**Your task:** Below are some entries. Transcribe the lines from the one holding "香港電台第五台戲曲天地節目表" to the one holding "音乐会由胡军老师主持的欢迎仪", inclusive, but not the pictures among them.

**Data to examine:**
* * * * * * * * *

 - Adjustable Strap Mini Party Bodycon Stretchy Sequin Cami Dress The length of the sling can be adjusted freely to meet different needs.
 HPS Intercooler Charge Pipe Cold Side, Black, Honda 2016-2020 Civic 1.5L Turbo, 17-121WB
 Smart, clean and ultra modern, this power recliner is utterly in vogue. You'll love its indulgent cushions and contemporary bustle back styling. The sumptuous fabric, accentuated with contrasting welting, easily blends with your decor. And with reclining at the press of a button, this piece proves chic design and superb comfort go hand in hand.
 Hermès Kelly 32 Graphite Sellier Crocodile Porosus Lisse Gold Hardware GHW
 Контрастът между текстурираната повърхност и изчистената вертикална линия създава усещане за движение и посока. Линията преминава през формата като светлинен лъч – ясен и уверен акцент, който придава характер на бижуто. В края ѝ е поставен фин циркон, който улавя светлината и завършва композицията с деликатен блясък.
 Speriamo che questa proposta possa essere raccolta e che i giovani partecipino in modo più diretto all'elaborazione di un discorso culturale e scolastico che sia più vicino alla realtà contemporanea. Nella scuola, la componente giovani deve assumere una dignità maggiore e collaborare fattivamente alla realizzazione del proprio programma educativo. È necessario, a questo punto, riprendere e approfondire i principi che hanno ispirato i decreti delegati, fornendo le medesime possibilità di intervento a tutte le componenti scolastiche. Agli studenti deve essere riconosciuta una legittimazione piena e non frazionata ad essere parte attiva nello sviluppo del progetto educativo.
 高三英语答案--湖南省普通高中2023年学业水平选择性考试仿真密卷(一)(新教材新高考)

* * * * * * * * *

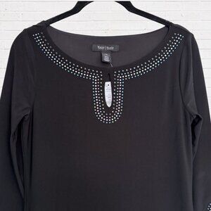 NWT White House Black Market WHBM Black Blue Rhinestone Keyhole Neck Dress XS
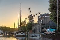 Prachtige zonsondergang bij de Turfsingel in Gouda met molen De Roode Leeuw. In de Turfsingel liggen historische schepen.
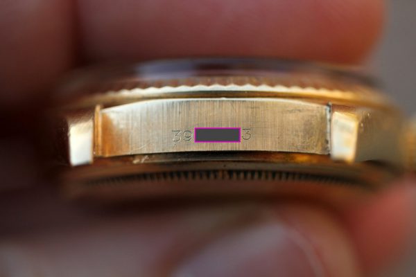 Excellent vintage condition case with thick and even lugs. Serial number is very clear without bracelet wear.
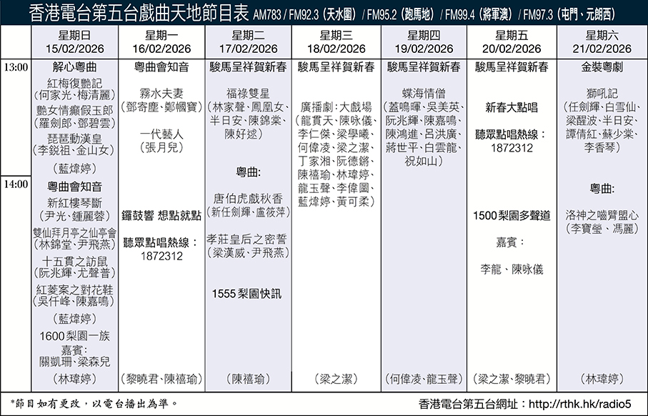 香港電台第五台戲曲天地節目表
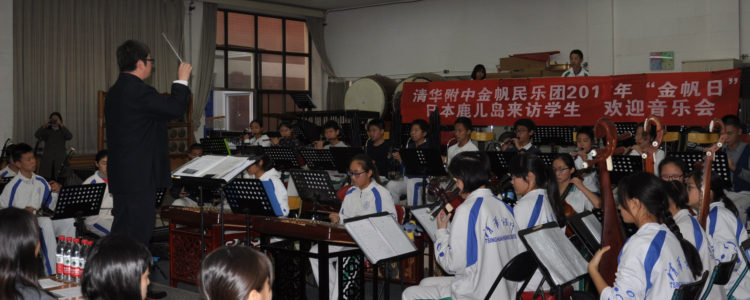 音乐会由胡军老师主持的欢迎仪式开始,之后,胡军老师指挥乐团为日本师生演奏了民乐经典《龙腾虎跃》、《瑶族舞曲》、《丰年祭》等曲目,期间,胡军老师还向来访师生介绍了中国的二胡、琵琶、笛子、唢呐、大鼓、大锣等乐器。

* * * * * * * * *

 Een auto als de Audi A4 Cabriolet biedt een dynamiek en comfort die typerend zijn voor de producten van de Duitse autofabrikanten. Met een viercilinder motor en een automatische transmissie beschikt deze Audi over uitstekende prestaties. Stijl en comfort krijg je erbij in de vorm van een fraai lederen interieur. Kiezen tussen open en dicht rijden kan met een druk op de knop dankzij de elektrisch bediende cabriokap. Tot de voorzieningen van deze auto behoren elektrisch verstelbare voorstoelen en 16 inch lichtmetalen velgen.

* * * * * * * * *

**Answer section:**
 香港電台第五台戲曲天地節目表
 音乐会由胡军老师主持的欢迎仪式开始,之后,胡军老师指挥乐团为日本师生演奏了民乐经典《龙腾虎跃》、《瑶族舞曲》、《丰年祭》等曲目,期间,胡军老师还向来访师生介绍了中国的二胡、琵琶、笛子、唢呐、大鼓、大锣等乐器。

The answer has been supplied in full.